For this listing, the lines between the one holding "闪迪64G高速TF卡micro sd卡手机内存卡无人机卡运动相机卡存储" and the one holding "星汇学校学生向外国档案专家赠送自己制作的手绘折扇 王颖华 摄", inclusive, must be set down exactly.

(Beginning of SOURCE DATA)

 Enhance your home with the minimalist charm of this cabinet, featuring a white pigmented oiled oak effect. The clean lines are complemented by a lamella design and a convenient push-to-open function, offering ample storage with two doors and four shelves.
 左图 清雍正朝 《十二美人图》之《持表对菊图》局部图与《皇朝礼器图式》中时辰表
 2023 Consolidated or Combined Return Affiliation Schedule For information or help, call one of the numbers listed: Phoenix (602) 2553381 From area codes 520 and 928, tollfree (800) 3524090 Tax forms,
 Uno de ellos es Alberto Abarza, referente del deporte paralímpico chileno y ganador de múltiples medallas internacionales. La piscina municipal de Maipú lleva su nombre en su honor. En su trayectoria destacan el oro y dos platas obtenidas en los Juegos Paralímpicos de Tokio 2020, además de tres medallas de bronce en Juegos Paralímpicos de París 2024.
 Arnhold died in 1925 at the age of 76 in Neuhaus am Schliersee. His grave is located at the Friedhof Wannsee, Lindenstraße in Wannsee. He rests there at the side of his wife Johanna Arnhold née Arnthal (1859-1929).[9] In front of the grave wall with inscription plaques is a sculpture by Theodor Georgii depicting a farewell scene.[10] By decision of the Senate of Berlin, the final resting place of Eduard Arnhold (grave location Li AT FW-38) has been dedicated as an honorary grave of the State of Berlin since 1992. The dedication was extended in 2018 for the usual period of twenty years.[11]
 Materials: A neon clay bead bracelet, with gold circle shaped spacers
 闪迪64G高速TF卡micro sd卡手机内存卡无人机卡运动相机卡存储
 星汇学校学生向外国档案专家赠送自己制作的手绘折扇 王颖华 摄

(End of SOURCE DATA)
(Beginning of SOURCE DATA)

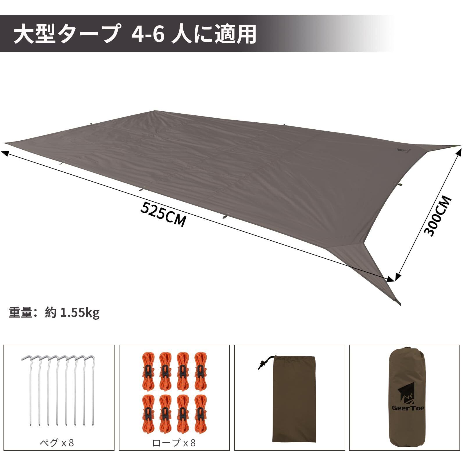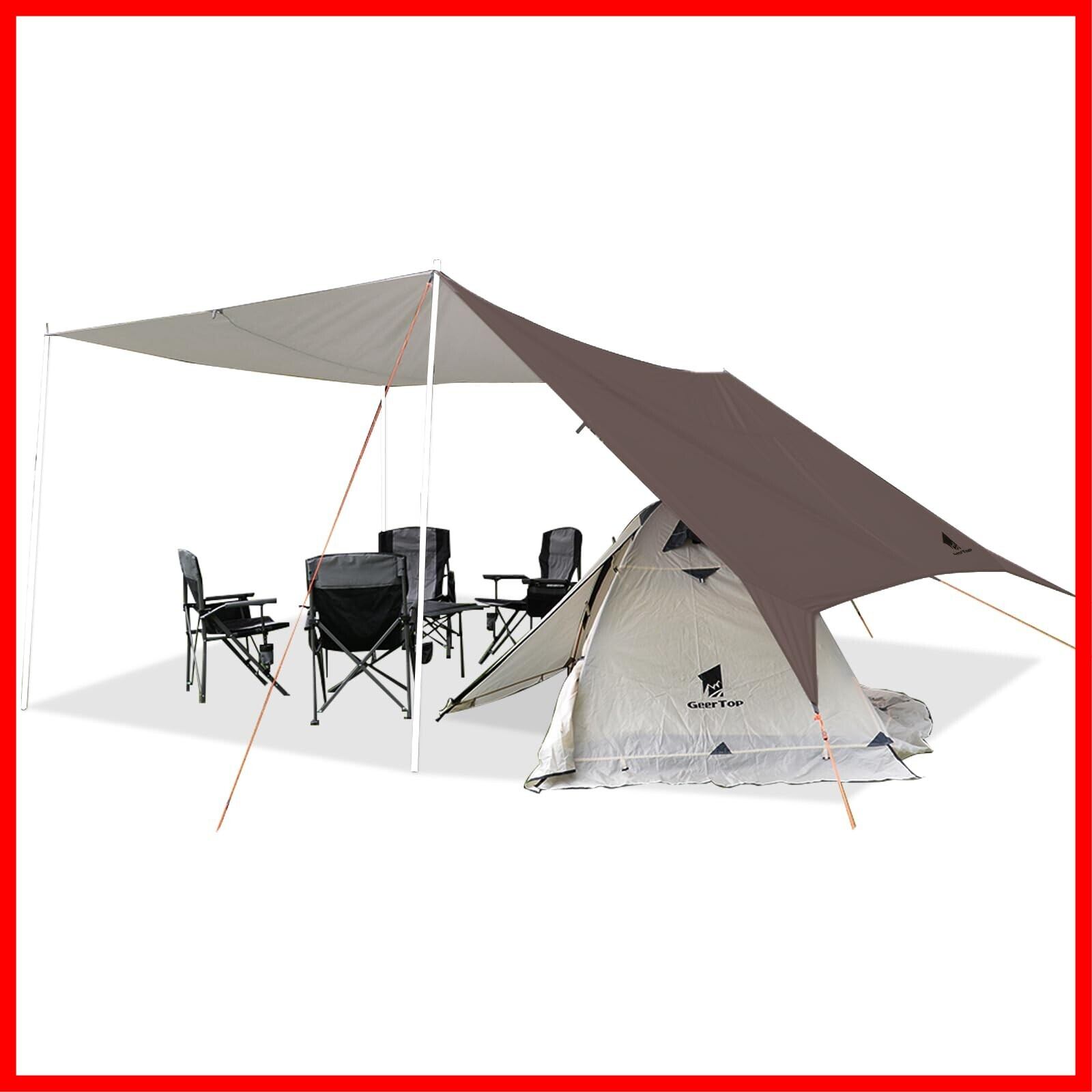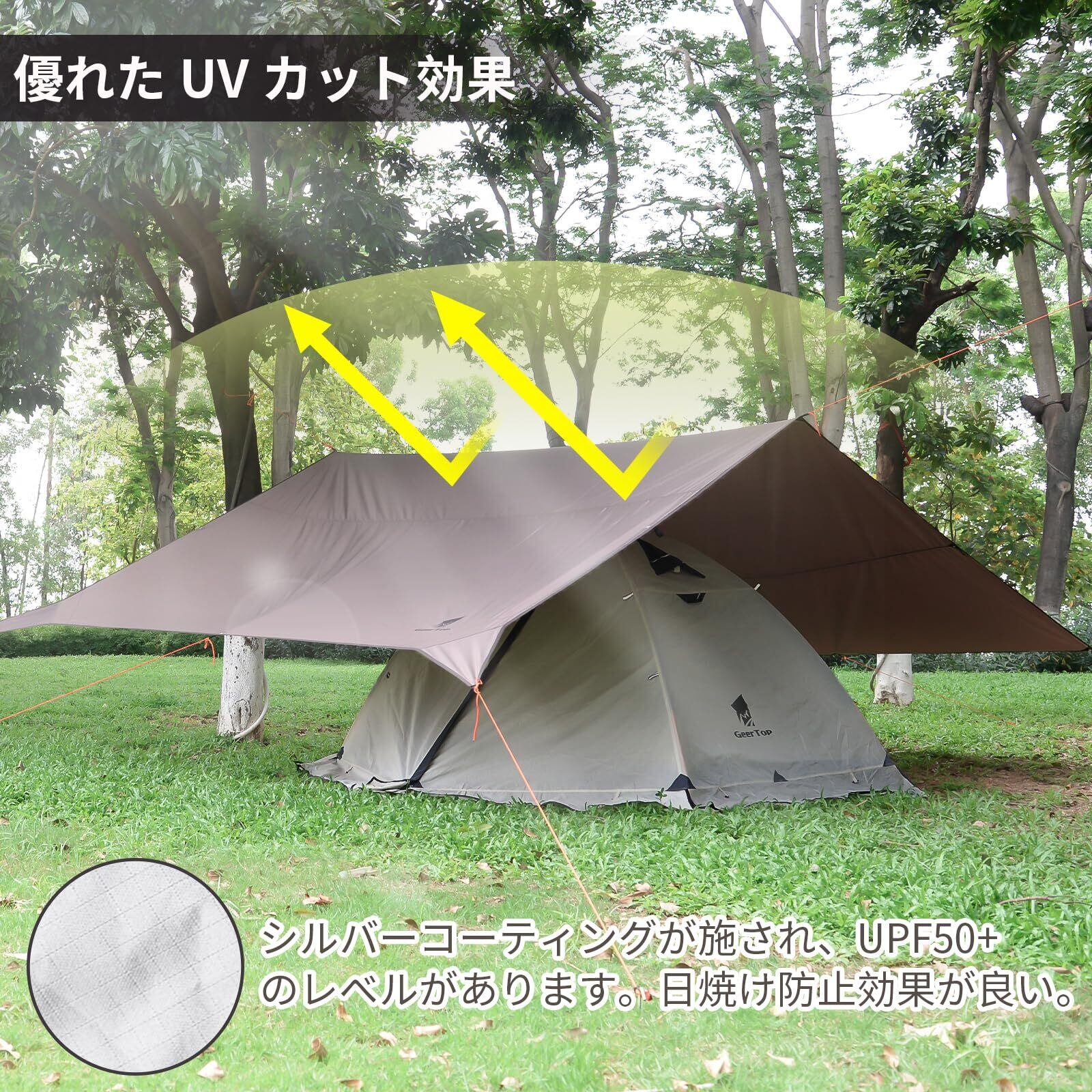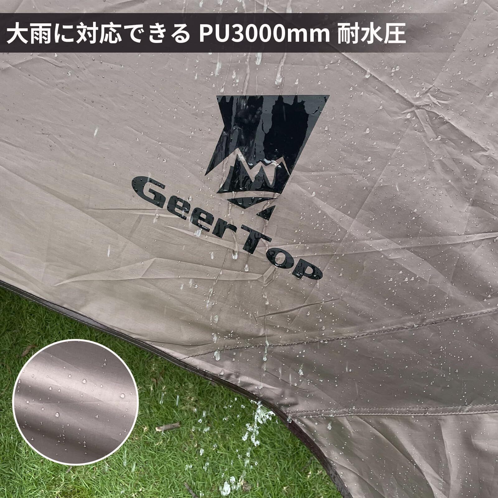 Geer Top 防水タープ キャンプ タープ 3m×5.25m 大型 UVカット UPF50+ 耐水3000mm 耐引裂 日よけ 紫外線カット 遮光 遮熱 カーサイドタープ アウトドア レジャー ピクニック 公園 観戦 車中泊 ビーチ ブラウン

(End of SOURCE DATA)

=== ANSWER SECTION ===
 闪迪64G高速TF卡micro sd卡手机内存卡无人机卡运动相机卡存储
 星汇学校学生向外国档案专家赠送自己制作的手绘折扇 王颖华 摄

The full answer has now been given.